(What needs to be done): The material below has pictures in it. Set down only the lines from the line containing "A Napoleon III" through the line containing "Кардиган вкорочений. Стан", word for word, and leave the pictures behind.

------ Provided material ------

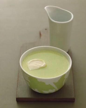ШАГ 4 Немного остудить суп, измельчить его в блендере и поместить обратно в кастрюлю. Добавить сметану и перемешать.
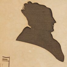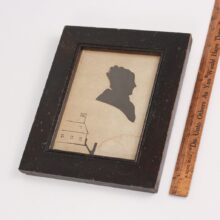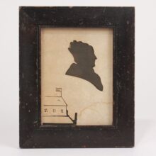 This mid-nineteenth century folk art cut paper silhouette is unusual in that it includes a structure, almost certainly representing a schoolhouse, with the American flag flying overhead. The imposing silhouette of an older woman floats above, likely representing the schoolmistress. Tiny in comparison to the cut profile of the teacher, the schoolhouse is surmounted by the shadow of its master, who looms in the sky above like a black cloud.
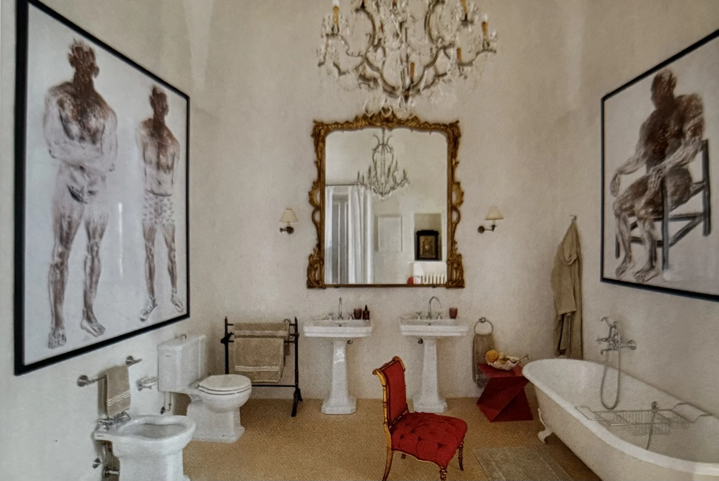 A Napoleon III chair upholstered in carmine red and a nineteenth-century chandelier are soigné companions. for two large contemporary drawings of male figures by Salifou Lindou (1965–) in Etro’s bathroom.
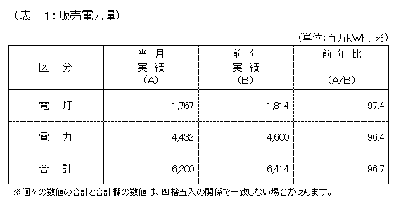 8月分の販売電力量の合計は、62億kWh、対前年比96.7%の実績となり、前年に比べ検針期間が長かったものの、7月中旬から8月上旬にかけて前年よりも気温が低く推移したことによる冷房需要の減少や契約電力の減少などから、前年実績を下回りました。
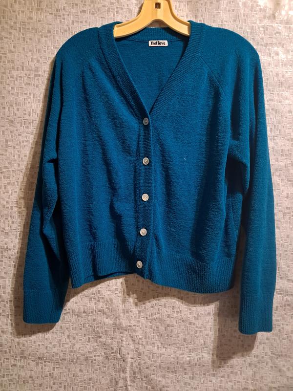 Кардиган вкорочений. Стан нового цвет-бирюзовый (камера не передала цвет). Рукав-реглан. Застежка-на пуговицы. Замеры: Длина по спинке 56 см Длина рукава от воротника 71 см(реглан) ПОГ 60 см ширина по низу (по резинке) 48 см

------
------ Provided material ------

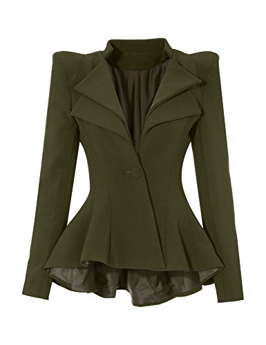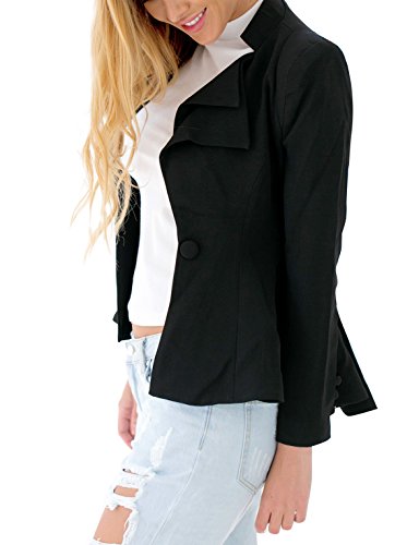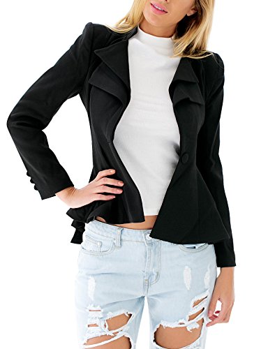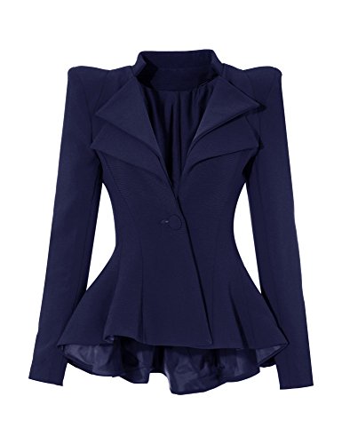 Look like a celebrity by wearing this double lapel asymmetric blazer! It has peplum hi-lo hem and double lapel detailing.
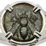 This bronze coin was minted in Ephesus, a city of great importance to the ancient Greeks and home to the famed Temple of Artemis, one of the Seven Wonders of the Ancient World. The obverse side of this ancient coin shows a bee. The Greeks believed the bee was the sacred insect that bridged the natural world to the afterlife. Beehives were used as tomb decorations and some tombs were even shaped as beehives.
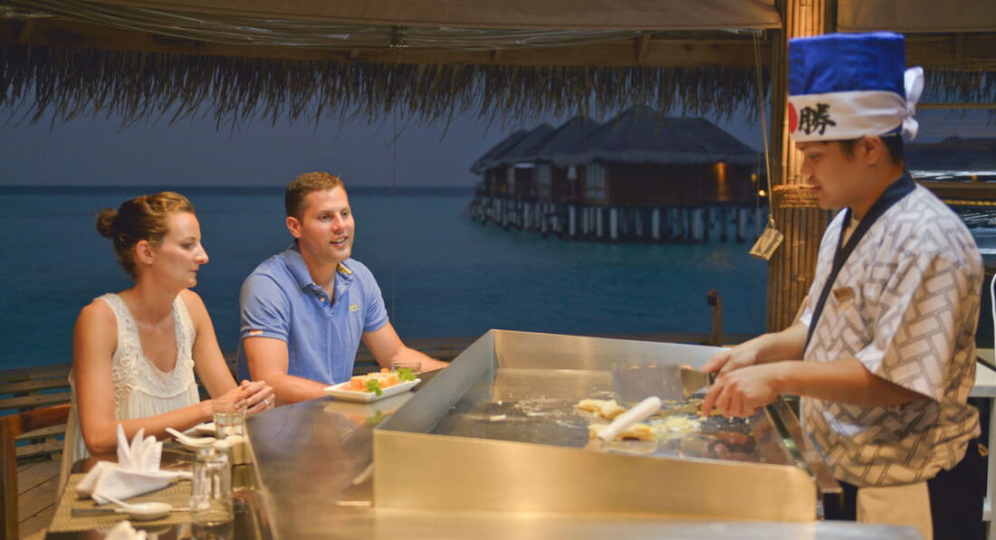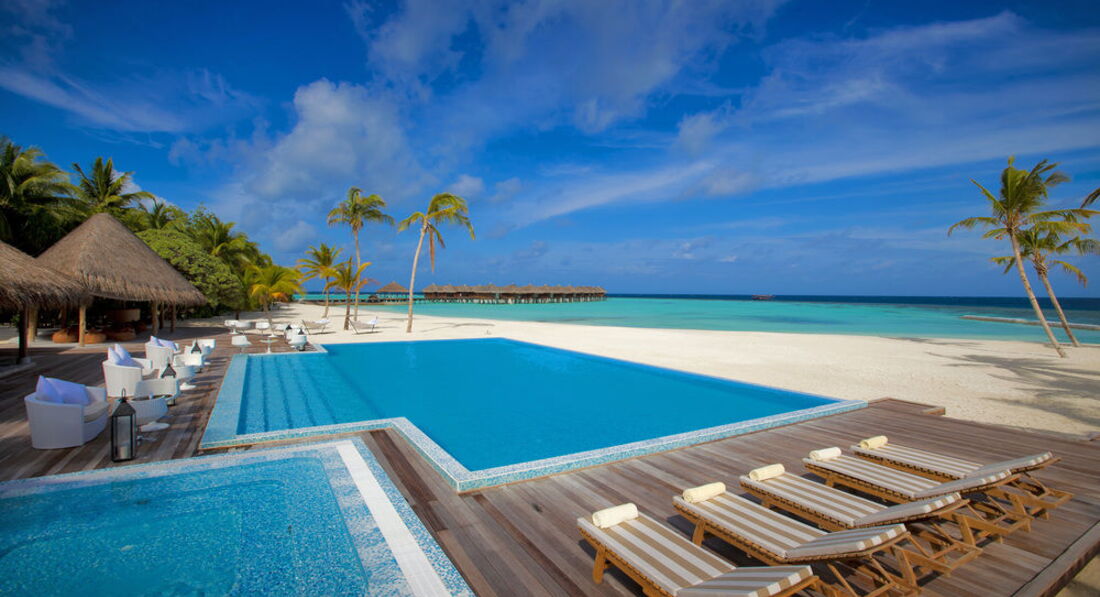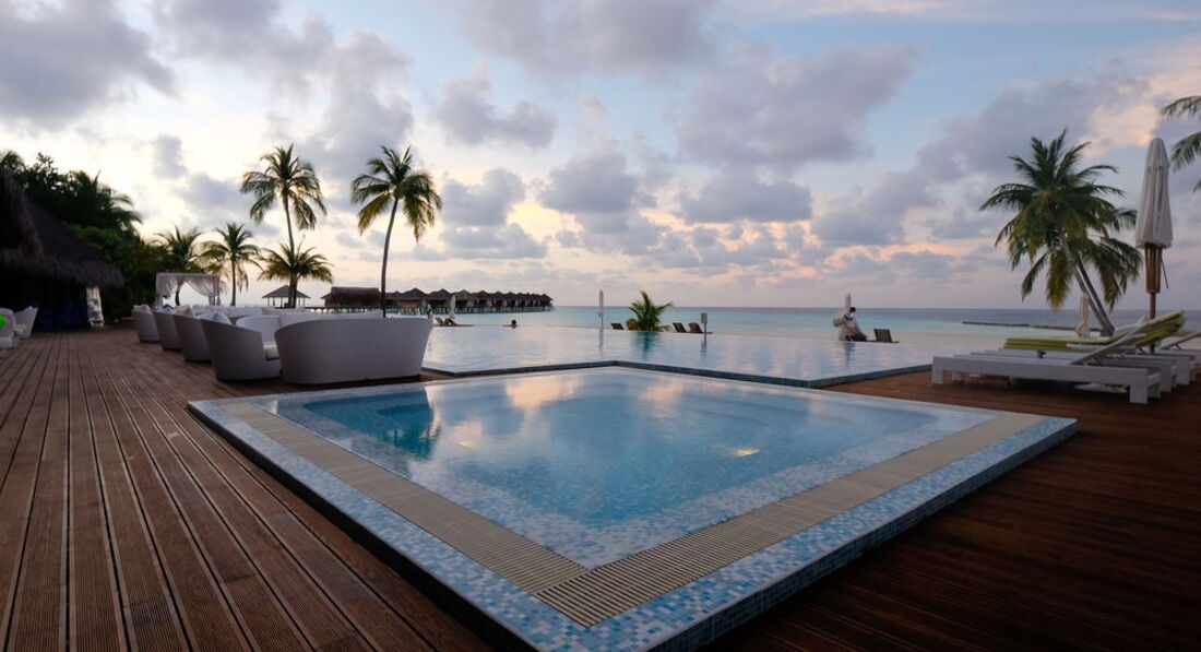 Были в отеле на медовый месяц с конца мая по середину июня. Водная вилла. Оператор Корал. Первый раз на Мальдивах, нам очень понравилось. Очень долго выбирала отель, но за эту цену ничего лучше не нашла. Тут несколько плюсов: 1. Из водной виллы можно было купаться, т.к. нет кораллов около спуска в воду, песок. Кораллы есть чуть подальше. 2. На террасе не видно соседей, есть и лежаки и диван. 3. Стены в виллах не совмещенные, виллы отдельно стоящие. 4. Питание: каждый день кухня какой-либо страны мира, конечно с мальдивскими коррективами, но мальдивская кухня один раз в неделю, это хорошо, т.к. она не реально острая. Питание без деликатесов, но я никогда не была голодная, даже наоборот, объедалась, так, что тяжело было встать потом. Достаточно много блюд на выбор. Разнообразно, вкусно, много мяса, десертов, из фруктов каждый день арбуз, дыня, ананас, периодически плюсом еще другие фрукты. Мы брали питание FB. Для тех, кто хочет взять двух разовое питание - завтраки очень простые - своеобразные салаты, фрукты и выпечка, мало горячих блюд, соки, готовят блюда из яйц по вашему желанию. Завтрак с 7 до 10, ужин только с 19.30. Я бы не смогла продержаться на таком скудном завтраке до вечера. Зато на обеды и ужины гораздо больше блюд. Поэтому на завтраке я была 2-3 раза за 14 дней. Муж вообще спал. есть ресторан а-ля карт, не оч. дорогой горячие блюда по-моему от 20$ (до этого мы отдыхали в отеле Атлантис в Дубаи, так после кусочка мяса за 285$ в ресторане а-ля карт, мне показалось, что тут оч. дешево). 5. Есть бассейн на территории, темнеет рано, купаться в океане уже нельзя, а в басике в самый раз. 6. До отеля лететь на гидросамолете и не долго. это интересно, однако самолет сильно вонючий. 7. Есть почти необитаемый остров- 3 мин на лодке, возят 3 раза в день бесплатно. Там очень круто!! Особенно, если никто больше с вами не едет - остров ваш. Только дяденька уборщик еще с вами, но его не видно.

------

(Output of the task):
 A Napoleon III chair upholstered in carmine red and a nineteenth-century chandelier are soigné companions. for two large contemporary drawings of male figures by Salifou Lindou (1965–) in Etro’s bathroom.
 8月分の販売電力量の合計は、62億kWh、対前年比96.7%の実績となり、前年に比べ検針期間が長かったものの、7月中旬から8月上旬にかけて前年よりも気温が低く推移したことによる冷房需要の減少や契約電力の減少などから、前年実績を下回りました。
 Кардиган вкорочений. Стан нового цвет-бирюзовый (камера не передала цвет). Рукав-реглан. Застежка-на пуговицы. Замеры: Длина по спинке 56 см Длина рукава от воротника 71 см(реглан) ПОГ 60 см ширина по низу (по резинке) 48 см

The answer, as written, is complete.